Итак, я очень мало знал об отце и уже после его смерти решил хоть что-то выяснить о его студенческих годах, учебе в Цюрихе, об участии в Гражданской войне, о том, как и за что его посадили в тридцатые годы, ну и, возможно, что-то еще, о чем он мне не рассказывал, боясь, что я протреплюсь в школе и это может плохо отразиться на нашей семье.

После смерти отца еще несколько лет жил его старый приятель, с которым он учился начиная с первого класса гимназии и потом продолжал дружить и встречаться вплоть до последних дней.

Это был старый адвокат. Ему было больше восьмидесяти лет.
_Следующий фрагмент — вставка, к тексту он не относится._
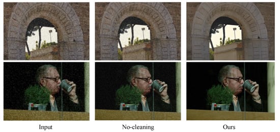 We conducted experiments to validate the effectiveness of our pre-processing strategy. Initially, the network was trained with the inclusion of the pre-cleaning model. The degraded video frame sequences underwent optical flow alignment and reconstruction directly without passing through the pre-cleaning module, resulting in temporal redundancy being introduced by the degradation process. Examples are depicted in Figure 7. The network without a cleaning strategy lacks sufficient suppression of artifacts and noise, resulting in perceptually impactful noise in the recovered images. This is attributed to the network without a cleaning strategy, which fails to eliminate redundant temporal information, consequently amplifying noise and artifacts. Consequently, it yields a comparatively diminished efficacy in restoration compared to the cleaning network.
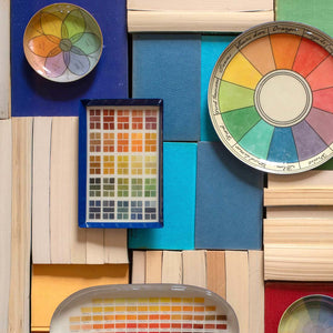 This charming enamel serving tray showcases a vintage color wheel design originally created in 1708. Inspired by Claude Boutet’s cercle chromatique, one of the earliest color wheels, it displays a balanced blend of primary, secondary, and tertiary hues—an important milestone in colour theory. Food safe and perfectly sized for snacks, drinks, or small items, it combines practicality with elegant decoration, perfect for entertaining or brightening your space. Measures 8 in.
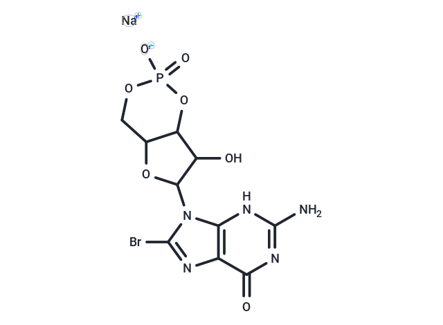 SMILES[Na+].Nc1nc(=O)c2nc(Br)n(C3OC4COP([O-])(=O)OC4C3O)c2[nH]1
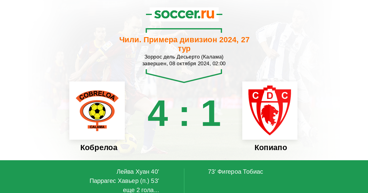 73' (2:1) Фигероа Тобиас (9) (Сото Брайан (32))
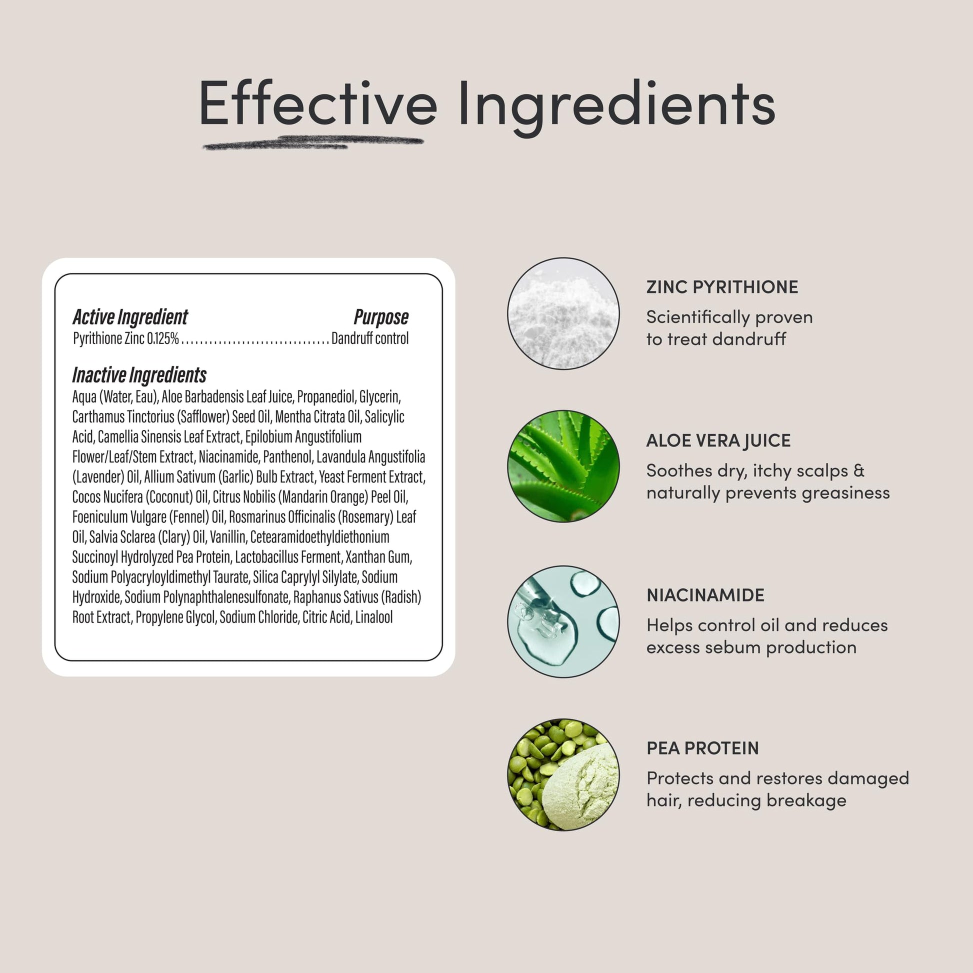 - Formulated with vegan, cruelty-free, innovative, and clean ingredients including Zinc Pyrithione (dermatologist-tested and FDA-listed active ingredient designed to treat dandruff), Salicylic Acid (helps gently exfoliate the scalp), Aloe Vera (soothes and moisturizes scalp) and Green Tea (helps revitalize the scalp).
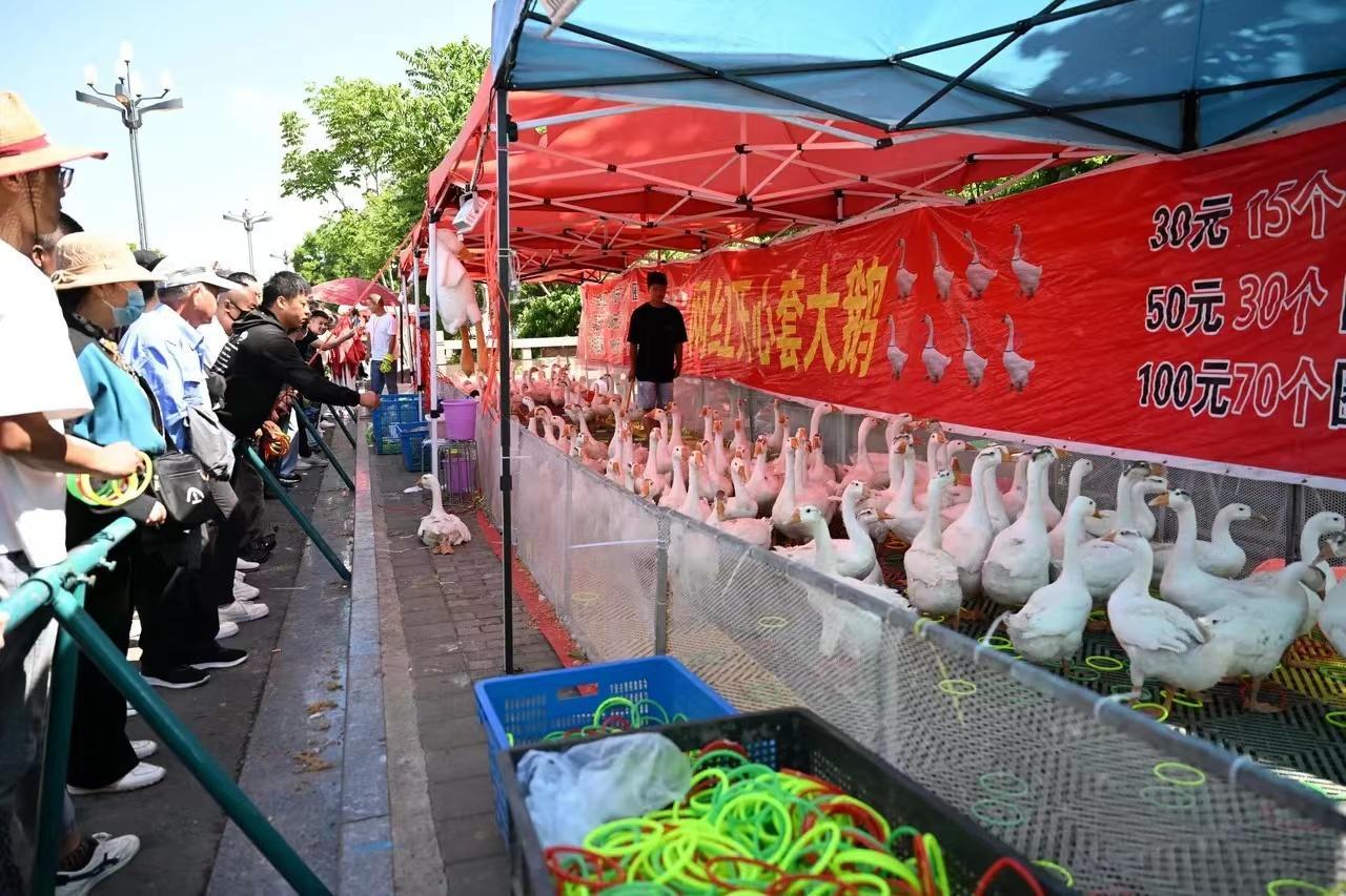 “太熱鬧了!像這樣的露天廟會活動着實難得了。很多外地人都跑來海州逛白虎山廟會。”位於娛樂體驗區的一個套鵝攤位前圍滿了消費者,大家爭先恐後掃碼付款,攤位負責人王先生臉上笑開了花。

Жил он один в большой коммунальной квартире, был почти слепым, но каждый день с палочкой ходил в соседний сквер посидеть на скамейке, посмотреть на проходящих мимо девочек и, по его словам, «завести глазной роман».

Я взял с собой магнитофон и попросил его рассказать все, что он помнит об отце. Он подробно рассказал, как они в гимназии бегали на свидание к девочкам, как в университете были влюблены в одну и ту же студентку. Все мои попытки узнать какие-нибудь подробности из «героической» биографии моего отца остались бесплодными. На магнитофонной пленке оказались записанными имена нескольких девиц и их подробные адреса.

Памятник для Балтийского завода

После Толстикова первым секретарем обкома партии стал Романов. Предполагалось, что им станет Георгий Иванович Попов, но Романов поехал в Москву к Суслову и вернулся в Ленинград первым секретарем.

Маленький, жестокий, высокомерный и заносчивый, он чуть было не стал после смерти Черненко Генеральным секретарем ЦК вместо Горбачева. Трудно представить, что стало бы с нашей страной в этом случае.

Когда Романов утром выезжал из своего дома на площади Революции в Смольный, все дороги, по которым следовала его машина и машины сопровождения, перекрывались. Люди подолгу не могли перейти улицу, опаздывали на работу.

Как многие политические деятели, он мечтал увековечить свое правление городом каким-нибудь грандиозным сооружением. И тогда возникла идея создания памятника Великой Октябрьской социалистической революции в Ленинграде. Для этой цели в Финском заливе неподалеку от берега должен был быть намыт остров, к которому бы вела роскошная эспланада.

Был объявлен конкурс. Победили архитектор Василий Петров и скульптор Анатолий Дема. Их проект представлял собой грандиозный многофигурный рельеф, расположенный на объеме, напоминающем два крыла, устремленных от центра в обе стороны. Этот рельеф должен был покоиться на высоком подиуме из высоких ступеней.

На мой взгляд, установка памятника на подобном месте была с самого начала неосуществимой. Будь у нас такая же ситуация, как в Нью-Йорке, где статуя Свободы, имеющая четкий силуэт, хорошо просматривается с противоположного берега, все было бы оправданным. А тут со стороны воды пассажиры редких судов, идущих вдали от берега по фарватеру, не смогли бы рассмотреть рельефы, несущие основную смысловую нагрузку, и непонятный силуэт памятника вызывал бы лишь недоумение. В то же время для тех, кто смотрел бы на памятник с суши, он казался бы гигантским, а рельефы с близкого расстояния были бы плохо различимы. Да и вообще непонятен был бы гигантский масштаб памятника.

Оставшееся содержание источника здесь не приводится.